I built the base from pine I ripped on the table saw and sanded to size. Again I added grain with a knife blade and stained the parts with the shoe dye and alcohol mixture. The nut-bolt-washers are hex head brass bolts with real washers and nuts. I used piano wire for the truss supports and secured them with 00-90 washers and nuts.

I also ripped and sanded the pine forming the frostbox. It received the usual shoe dye and alcohol treatment. The interior has a lining of the same "tarpaper" covering the roof. I cut the signs from magazine advertisements, sanded them to a closer-to-scale thickness, then weathered them by scraping with an X-Acto knife and more sanding. The feed pipe is brass tubing. The wet look of the dirt floor inside the frostbox comes from gloss medium. The hatch on the frostbox opens and, as on the roof hatch, I purchased the hinges and used brass rod for the handle.

The ladders use commercial stripwood. I built up a jig to speed assembly. HO scale decals provide the "DRGW MW" lettering on the side of the ladder. The weathering on the short ladder is a different shade from the rest of the tank and paint spatters suggest previous assignments along the right-of-way.

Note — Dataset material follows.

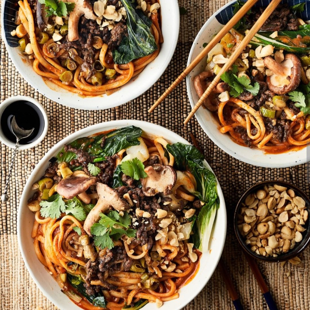 - Verhit een scheutje olie in de koekenpan en bak de ui, de knoflook en de lente-ui 2-3 minuten op laag vuur. Zet het vuur hoger en voeg de shiitake en de paksoi toe en bak kort mee. Schep de gochujang-pindasaus, het water en de gekookte noedels bij de groenten en schep 1-2 minuten om. Verdeel de noedels over de borden en bestrooi met het knapperige gehakt. Bestrooi met de fijngehakte pinda’s en de koriander.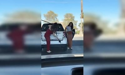 Les deux femmes dans la vidéo doivent simplement faire le plein. Facile ? Pas vraiment. Leur voiture a une plaque Carvana (entreprise américaine spécialisée dans la vente de voitures d’occasion), donc elles viennent prob...

The worker on the ladder began life as a "walking" Preiser figure. I added cotton hair and beard, a styrene waist pouch, and clothing from facial tissue. I also made up my own wrenches by slicing open 0-80 and 00-90 nuts, cutting them in half, and soldering them to brass strapping handles. The screwdriver, hammers, and other tools are bits of brass and styrene. The toolbox is basswood.

I had to make my own trash, too. I turned the bottles from Lucite rod, then drilled out the tops, cemented an acetate disk to the bottom, and glued on labels. The broken bottle near the crossbucks consists of broken pieces of glass fuse I dyed green and cemented to a plastic base. I reduced part of an actual newspaper to scale size and glued one to the diorama base. The other sits on the front seat of the truck. The Campbell's soup can near the railroad crossing and the vegetable can under the water tank are hollow plastic tubes with plastic lids and bases. I reduced actual labels to size, colored them appropriately, and weathered them.

The grease pail is acetate with a wire handle, the grease itself is epoxy I died black, and the applicator is turned basswood. I built up the shovel from an acetate "blade", a brass tube "handle insert", and a wood dowel handle. Since then I have discovered commercial tool set castings.

The crossing sign follows a Colorado Midland prototype. I built it from pine. The nails are pins; the NBWs are 00-90 hex head bolts, washers, and nuts. The truck is an Ertl metal kit with various modifications such as MV lenses and cardstock bumpers to provide the same open middle as the prototype's. The truck driver and old man are modified Preiser figures.

The scenery follows standard practice: Hydrocal® plaster over a plywood base, real dirt, ground foam, hemp, Woodland Scenics field grass, and gloss medium for the puddles.

The model won First Place Diorama in an Northeast Regional NMRA contest in 1991 and Second Place Diorama in the National Narrow Gauge Convention in Saint Louis in 1990.